WASHINGTON — Borrowing by U.S. consumers grew at a faster-than-expected pace in July as auto and other personal loans surged, offsetting a drop in credit card debt, Federal Reserve System figures showed Tuesday.
Borrowing rose by $5.3 billion for the month to $1.27 trillion, after rising a revised $8.8 billion during June. Previously, the Fed said June borrowing increased $6.7 billion. Analysts had expected an increase of $3 billion for July.
Economists watch the Fed's consumer credit statistics because it helps them gauge changes in consumer spending, which accounts for two-thirds of the overall economic activity.
Revolving loans, which include credit card borrowing, fell $2.1 billion in July, after rising $4.2 billion in June.
Auto loans rose $3.5 billion, after increasing $2.9 billion. Other types of installment loans increased $4 billion, after rising $1.6 billion.
The pace of consumer credit was rising at a 5% annual rate during July, the Fed said. That's down from the 8.4% pace of borrowing in June.
Growth in consumer credit is slower than just a couple of years ago for a variety of reasons, analysts said. An abundance of jobs, rising incomes and low interest rates have allowed many consumers to pay cash for purchases and to refinance and consolidate existing debt.
Banks, thrifts, retail chains and other lenders have been less aggressive in extending credit to consumers after a surge in credit card delinquencies and bankruptcies.

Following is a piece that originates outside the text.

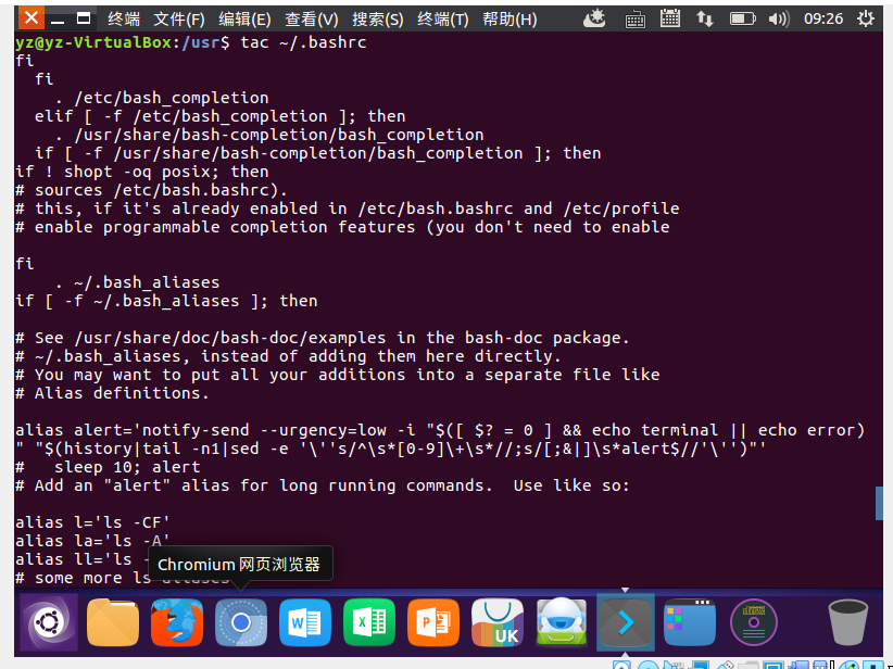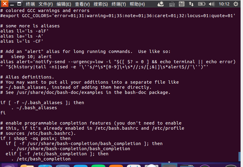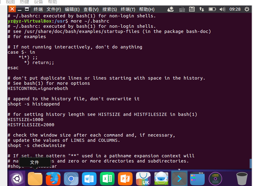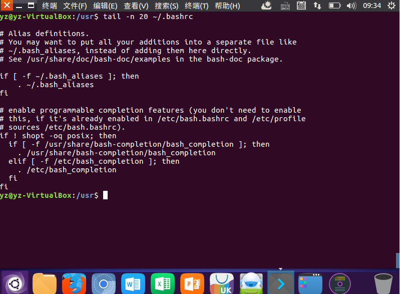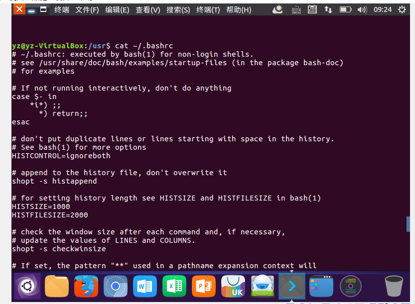 (15)查看主文件夹下的.bashrc文件内容
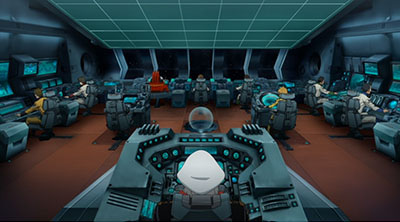 In the script, the locations inside the ship were not specified, so I decided on them when I worked on the storyboard. The room Alter goes into has a red gate, and the inside of the room is blue. Sometimes viewers can’t tell if we’re inside a certain room or not. That’s why the room is blue and the gate is red.

The number of businesses and individuals filing for bankruptcy in U.S. federal courts hit a record level during the last 12 months, according to a report released last month from the Administrative Office of the U.S. Courts.
Since June 30, 1997, 1.43 million individuals and businesses filed for bankruptcy, compared with 1.32 million during the same period the year before, an increase of 8.5%, according to the court. Personal filings rose the most, jumping 9.2% to 1.38 million from 1.26 million. Business filings dropped 7% to about 50,000, from about 54,000.